By Eamon Quinn
Ireland along with three other EU countries are the most exposed to the UK crashing out of the EU without any deal, Moody’s Investors Service reiterated in a report, as the UK government published a final huge batch of advice to businesses to plan for that worst outcome.
EU countries including Ireland, the Netherlands, Cyprus, and Malta “could experience negative consequences” because of the strong links with the UK, the ratings firm said.
“The trio of Ireland, Cyprus and Malta share the strongest links with the UK through supply chains,” Moody’s said.
“In particular, Ireland sources nearly half of all imported intermediate goods for production processes from the UK. Following Luxembourg, Ireland and the Netherlands have the most substantial flows of funds.

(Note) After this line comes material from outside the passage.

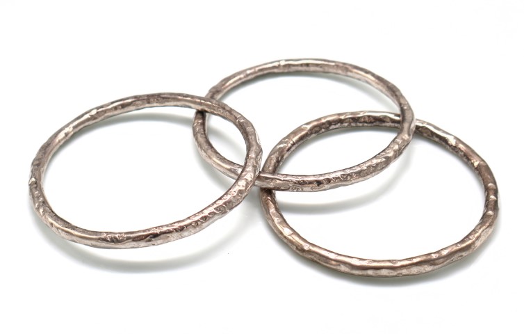 Lotto di tre bracciali rigidi in argento 925 martellato.
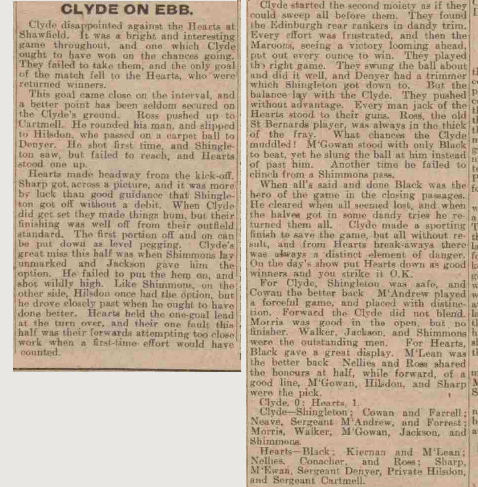 | Sat 17 Mar 1917 Clyde 0 Hearts 1 | |||||||

Portfolio investments are most pronounced in relation to Ireland, while foreign direct investment positions vis-a-vis the Netherlands are a primary driver of those financial linkages with the UK,” its report said.
On the UK exiting without a deal, Moody’s said: “The UK’s withdrawal from the EU without an agreement to replace existing arrangements — a risk that has risen materially in recent months — would damage the UK economy and be credit negative for a range sectors and debt issuers in the UK and Europe.”
“We still think the UK and the EU will eventually reach an agreement to preserve many, but not all, of their current trading arrangements, particularly around trade in goods,” said Colin Ellis at Moody’s.
“However, we believe the prospect of the UK leaving the EU without any agreement has risen materially,” he said.